# Neurology/Interventional Radiology



## decordova8 (Jun 5, 2012)

Hi all!

This is my first time using the thread.  I own a medical billing company and I have a new client. He is a Neurology/Interventional Radiology doctor.  I have never, ever done this type of billing.  Any suggestions as to where can I get a little knowledge of the procedure codes and the way these surgeries are coded.  HELP.


----------



## tdml97@yahoo.com (Jun 6, 2012)

Well, first I would get a list of the procedures they bill out then go from there.


----------



## Jim Pawloski (Jun 6, 2012)

decordova8 said:


> Hi all!
> 
> This is my first time using the thread.  I own a medical billing company and I have a new client. He is a Neurology/Interventional Radiology doctor.  I have never, ever done this type of billing.  Any suggestions as to where can I get a little knowledge of the procedure codes and the way these surgeries are coded.  HELP.



Z-health publishing and MedLearn have excellent books to help you.

Jim Pawloski, CIRCC


----------



## decordova8 (Jun 6, 2012)

You're right......Thanks


----------



## decordova8 (Jun 6, 2012)

I just received some info through ZHealth.  Good stuff......Thanks


----------



## donnajrichmond (Jun 6, 2012)

Jim Pawloski said:


> Z-health publishing and MedLearn have excellent books to help you.
> 
> Jim Pawloski, CIRCC



I also recommend Clinical Examples in Radiology published by AMA/ACR.  It's not specific to neuro interventions, but it does often have interventional cases. 

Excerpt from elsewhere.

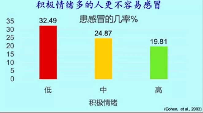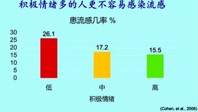 卡内基梅隆大学心理学教授谢尔顿•科恩(2003)曾做过一项研究,以专业而特殊的方式测量334名成年人的积极与消极情绪后,分别对参与实验的人群进行普通感冒与流行性感冒(由流行病毒引起的呼吸道感染),然后进行隔离观察,结果发现心态乐观平和的人更不容易患病。此外,科恩教授特别总结了正面情绪对人体健康发挥的影响: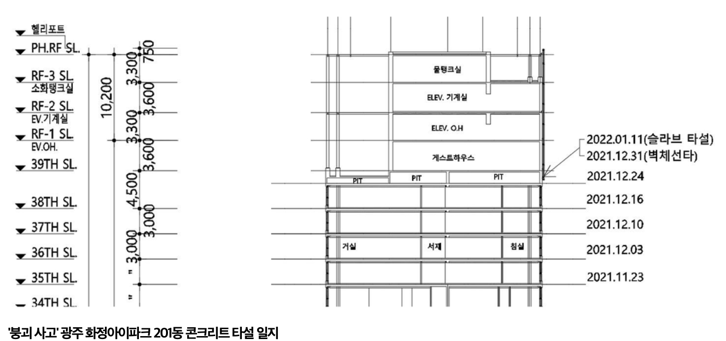 일지에 따르면 21년 12월 3일에 35층부터 37층까지 콘크리트 타설을 진행하는데 소요된 기간은 13일에 불과했다.

(Thanks Jim, for the plug for MedLearn! - and if you or anyone else has suggestions for the MedLearn books/charts - what you would like to see, don't like, etc, please message me.  We do like to hear from the customers so we can make the information even better. 

Donna Richmond


----------



## Coder2009 (Jun 8, 2012)

*Additional informational site - IR Provider*

http://www.sirweb.org/
has good information also, in relation to the IR provider standpoints in regards to the procedure performed very informative.


----------



## sarahkoz610 (Jun 18, 2012)

One thing to make sure is that you do your research .  Some of the codes are investigational and have alot of guidelines with medicare, I have 5 years experience with this.


----------



## decordova8 (Aug 29, 2012)

Hi guys...!

Thanks so much for your help.  I got the procedure codes from my doctor.. This question is for u guys.  I'm starting from scratch with this doctor.  My question is: when billing codes 75665-26/37184 does the 37184 need a 59 modifier? or it's billed alone since it's a different procedure? Thanks guys!


----------



## jtuominen (Aug 30, 2012)

There is a CCI edit between the unilateral cerebral carotid angiogram code (75665) and the primary mechanical thrombectomy (37184). If your provider has performed a seperately reportable diagnostic study in the same setting as the intervention, then you should append modifier 59 to 75665 to show it is seperate and distinct from the primary mechanical thrombectomy.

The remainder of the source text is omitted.